While Robotic Process Automation (RPA) and Big Data are key innovations for the sector, IA can be likened to an additional layer that enhances existing technologies. By combining applications, this layer is capable of independently assessing situations and determining the appropriate process sequence. It can, for example, fully determine the risk of a specific customer, and can also predict at an early stage which invoices will be paid late, or even not at all, ensuring that finance professionals can then plan accordingly. The result is a reliable and predictable order-to-cash process.

 

The four steps to an IA-proof organisation

While the benefits of IA are numerous, implementing the technology can prove complex, although some are already treading the IA path without knowing it. In this instance it’s crucial to become aware and begin the purposeful process to full integration. Below are the four key steps to becoming fully IA-proof.
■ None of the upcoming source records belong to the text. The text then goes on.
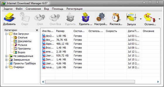 Internet Download Manager (IDM) – программа предназначена для организации загрузок файлов из Интернет. Различные методы ускорения загрузки, динамическая сегментация файлов и одновременное скачивание нескольких частей, использование свободных открытых подключений без реконнекта и многое другое. Встроенная звонилка для соединения по расписанию. поддержка файрволлов, прокси и зеркал, FTP and HTTP protocols, редиректов, куки, очередей закачки, авторизации пользователя.
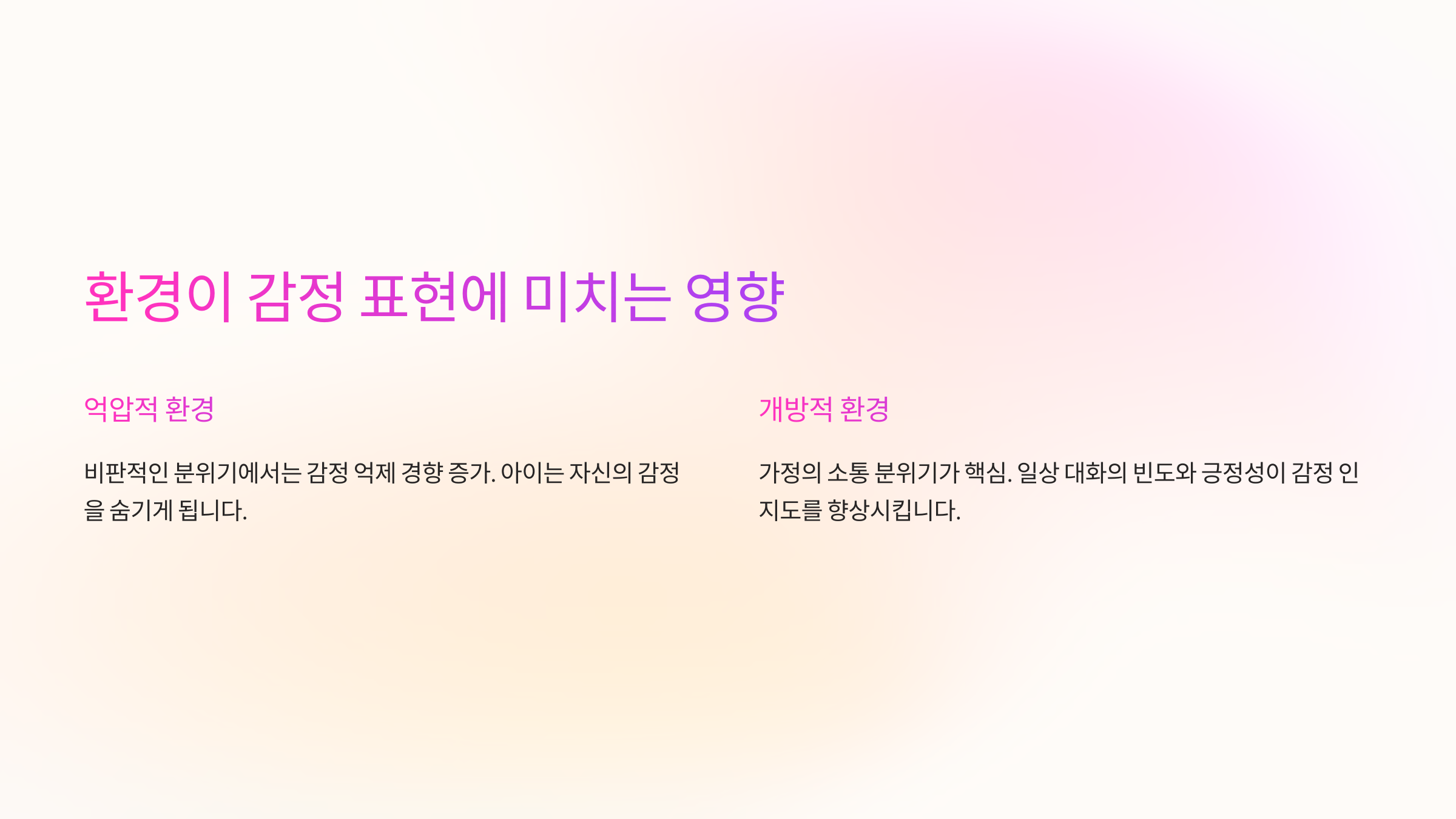 감정을 말로 표현하는 능력은 아이가 자라나는 환경과 밀접한 관련이 있어요. 아무리 감정 단어를 가르쳐줘도, 아이가 감정을 드러냈을 때 비난하거나 무시하는 분위기라면 표현할 용기를 잃게 되죠.
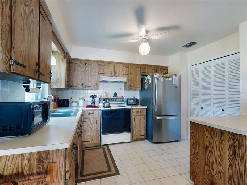 Under contract-accepting backup offers. PRICE REDUCED $14,900, MOTIVATED SELLER! Welcome to Your Dream Home in Florida Shores! This Home has Never Been Flooded!This meticulously maintained 3-bedroom, 2-bath home offers the perfect balance of comfort, style, and Florida living. Step into the spacious living room, which includes a 55” TV, where natural light flows effortlessly through the triple-pane windows providing an energy-efficient, quiet atmosphere. (excluding dining room slider and bathroom windows)The dining room, conveniently located just off the kitchen, features sliders leading out to a screened lanai—ideal for enjoying the mild Florida weather and sipping your morning coffee while taking in the serene surroundings of a large backyard for your sweet fur babies. And, with an extended slab off the lanai and an added walkway, your outdoor living space has never been better!Recent updates include a 2022 roof, gutters, a newer AC unit, and a newer garage door with opener, ensuring peace of mind for years to come. The home also features an oversized one-car garage, providing additional storage and parking space with a washer, dryer & laundry sink. Inside, the home is fully tiled with laminate floors only in the bedrooms, providing easy maintenance and a sleek, modern feel—no carpet to worry about. Plus, energy-efficient toilets in both bathrooms, along with new lighting and mirrors, add to the home's appeal.Five ceiling fans ensure cool breezes throughout the home, and you’ll love the fact that it’s not in a flood zone, giving you even more peace of mind. With close access to both the beach and the Intracoastal Waterway, you’re perfectly positioned to enjoy all that Florida has to enjoy. And best of all—no HOA fees!Don't miss out on this incredible opportunity to own a home that truly has it all—comfort, style, and convenience. Schedule your showing today and make this dream home yours! Motivated Seller! “All information in the MLS is intended to be accurate, but it cannot be guaranteed.”
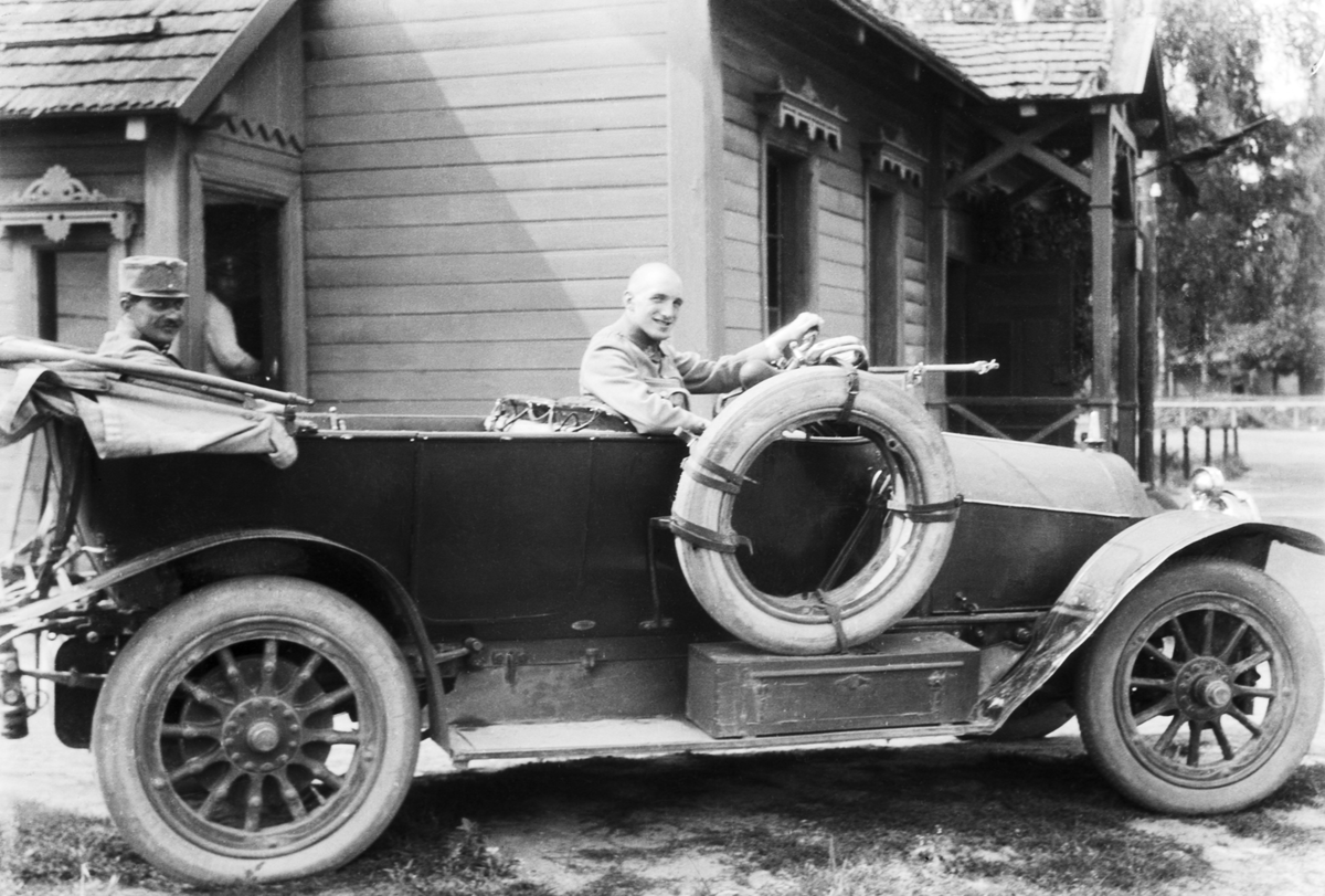Två militärer från Österrike-Ungern sitter i en bil under första världskriget.
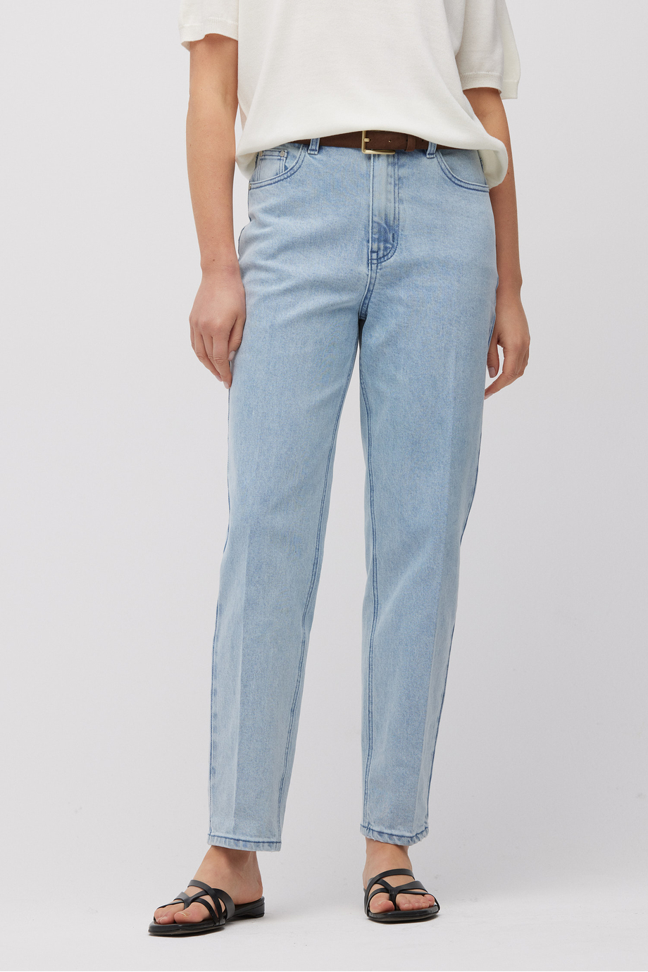 Jeans cu croială conică. Croi clasic cu cinci buzunare. Talie înaltă. Închidere cu fermoar și nasture metalic. Realizați din bumbac cu adaos de elastan – moi și confortabili la purtare. Culoare: bleumarin.
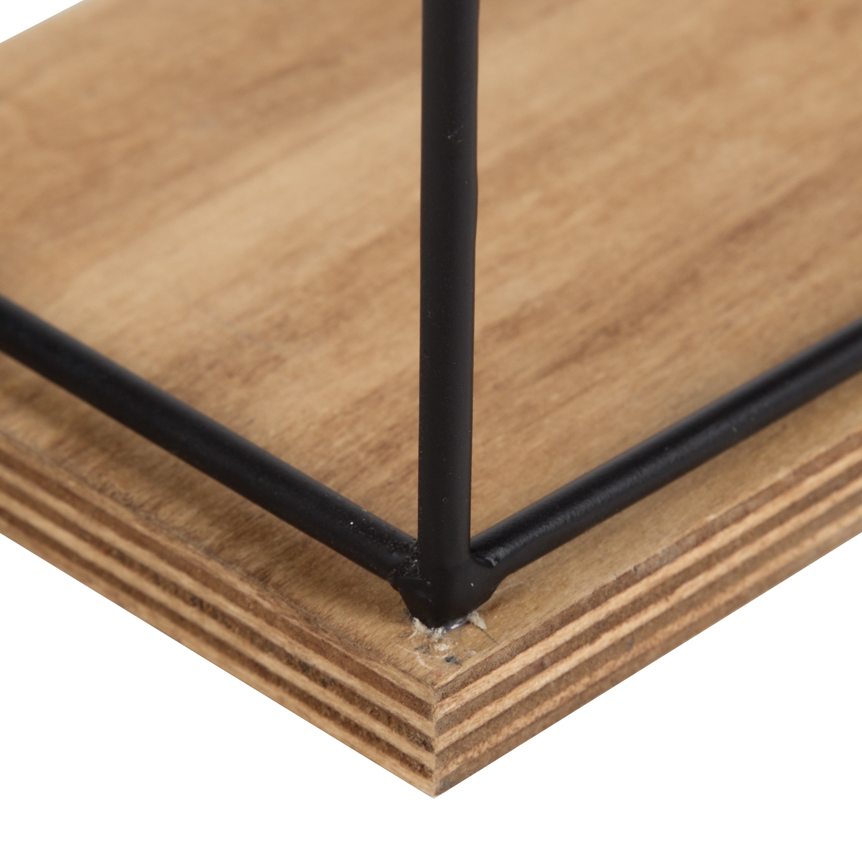 Decorate your home in beautiful modern chic style with these metal and wood shelves. These shelves can organize and display your framed photos, office supplies, or other decorative knickknacks. They are a perfect wall accent for your office or home to display in your kitchen, bathroom, or bedroom. These shelves are constructed of metal and wood. The wall display dimensions are 24 inches wide by 4 inches deep by 4 inches high. The shelves arrive completed assembled ready for use. They have holes drilled in to the metal frame for easy and secure wall display. Decorate and organize in modern design in any room of the home with these lovely accent shelves.
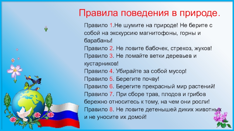 Если собирать букеты в лесу или на лугу, будет меньше шмелей и бабочек, которым нектар цветков нужен для питания. Не забывай и о том, что растения дают животным убежище. Оберегая травы, кусты и деревья, ты помогаешь зверям, птицам и насекомым, которые скрываются в их зарослях.
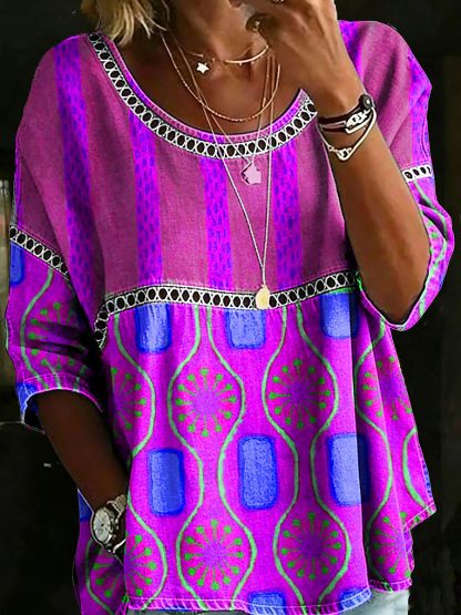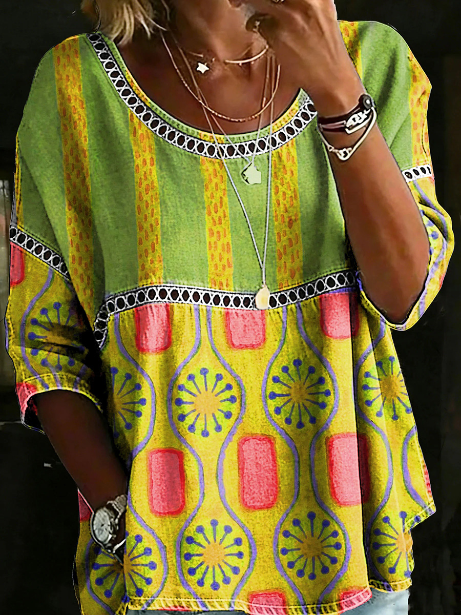 New Arrivals🔥 Women's Vintage Abstrct Casual Loose Denim Blouse Shirt
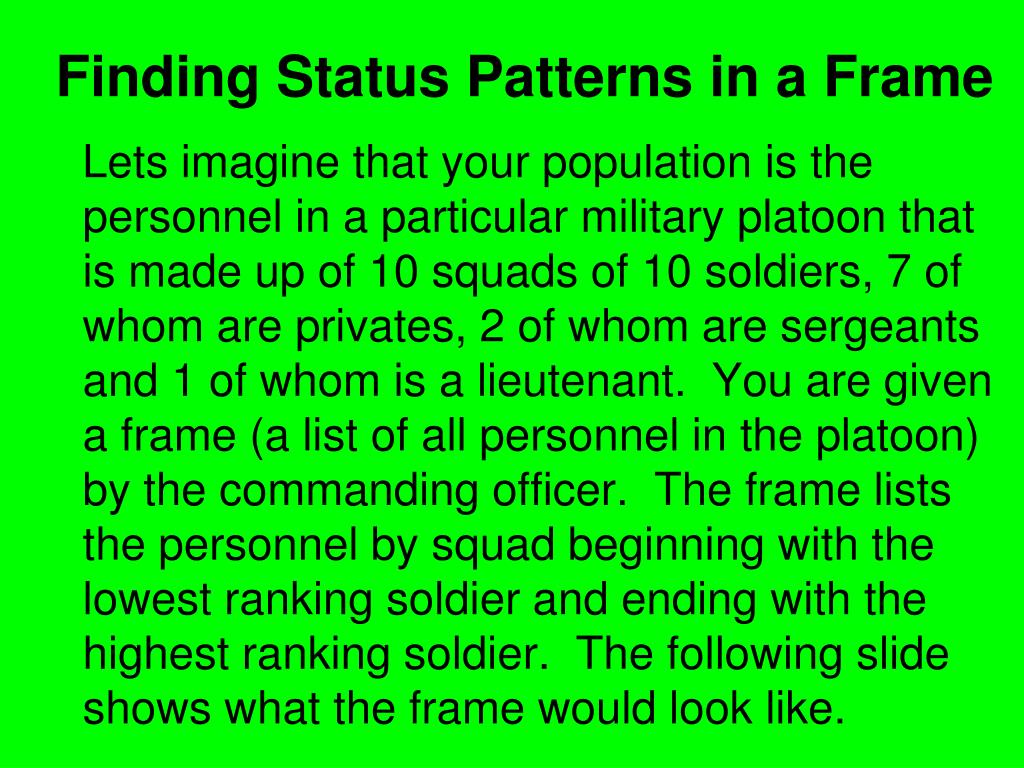 Finding Status Patterns in a Frame Lets imagine that your population is the personnel in a particular military platoon that is made up of 10 squads of 10 soldiers, 7 of whom are privates, 2 of whom are sergeants and 1 of whom is a lieutenant. You are given a frame (a list of all personnel in the platoon) by the commanding officer. The frame lists the personnel by squad beginning with the lowest ranking soldier and ending with the highest ranking soldier. The following slide shows what the frame would look like.
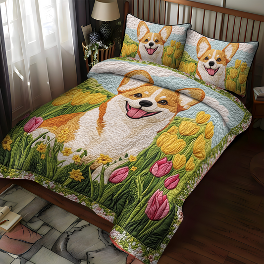 Tulip Bliss with Corgi 3-Piece Quilted Bedding Set NCU0DK1605
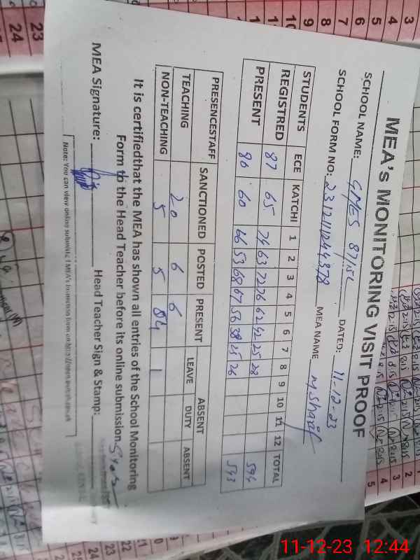 | Attendance Register | Head Teacher | MEA with School | Visit Proof |
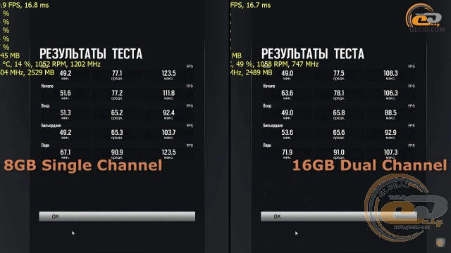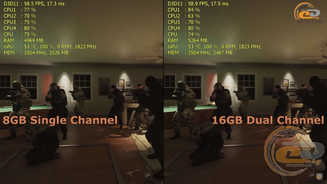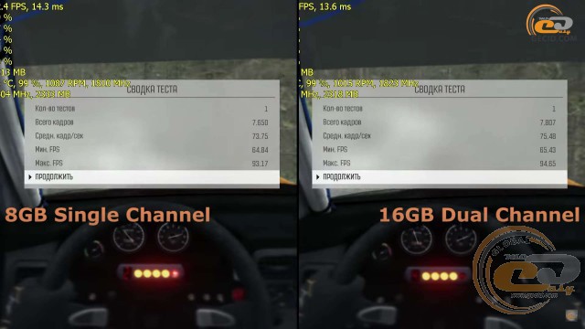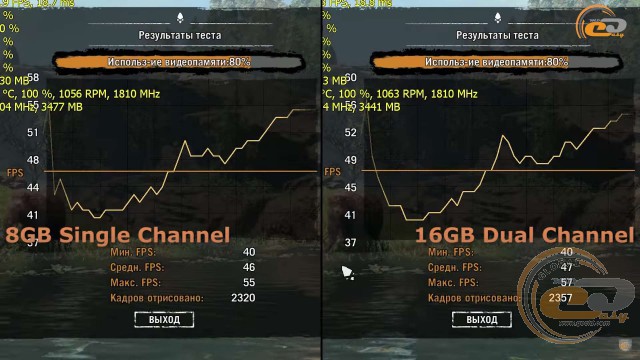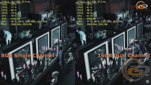 HITMAN з високим рівнем деталізації і якістю текстур показав аналогічну тенденцію: споживання ОЗУ в двоканальному режимі вище орієнтовно на 350 МБ, зате CPU місцями завантажений на 10-15% менше, тому у нього залишається більше ресурсів для фонових процесів. Різниця ж в частоті кадрів мінімальна. Якщо точніше, то в середньому менше 1 кадру / с.

  1. Exploring the potential: Brainstorm where automation can be applied

Step one is to examine the extent to which automation can help your organisation. Blue sky thinking is the key here. What is the ideal relationship with the customer? What does the ideal order-to-cash process look like? In this phase, involving multiple departments from within the organisation is key, from management to operations. The finance professionals who have the most contact with customers are likely to have the strongest knowledge of which processes they would like to see automated. With no limits to ideas, it’s best to explore all the opportunities in the entire order-to-cash process and describe broadly the potential value to the organisation.

 

  1. Decipher which data and technology is needed

The second step is to map out which data and technology is required. Working with a specialist, either external or from the internal IT department, is beneficial at this stage to see where the opportunities lie. In many cases, off-the-shelf solutions are already readily available to help make the difference, so it pays to do the research and gain advice where possible.

 

  1. Firm up the strategy

With the plan mapped out, it’s time to fit the pieces of the puzzle together. Which technology and accompanying software is proving most valuable? It’s vital at this stage to analyse the results the organisation is achieving from deploying the right technology and software. It’s also important to outline any limitations and emphasising the potential risk of failure. This is the business case and the basis for the elevator pitch that will be presented to internal stakeholders.

 

  1. Draw up the roadmap and start benefitting from agility

The fourth and final step is prioritisation. The roadmap will describe step-by-step how to move from the undesired current situation to the desired end goal. In the first step, choosing a subproject that is relatively easy to achieve will help gain support from other departments within the business, and provide invaluable experience that can be applied to the more complex components that follow later. This agile approach facilitates a learn-by-doing mindset and allows the following steps to be tackled in a smarter and simpler way.

 

Effective preparation is half the battle

Exploring the potential of automation, mapping the required data and technology, establishing the strategy and laying out the roadmap are the four crucial steps to ensure the foundation for Intelligent Automation. Effective preparation and estimating which technology and accompanying software is needed will help to create a streamlined and error-free order-to-cash process. To ultimately save time and costs, empower finance professionals and maintain customer loyalty, the time for Intelligent Automation is now.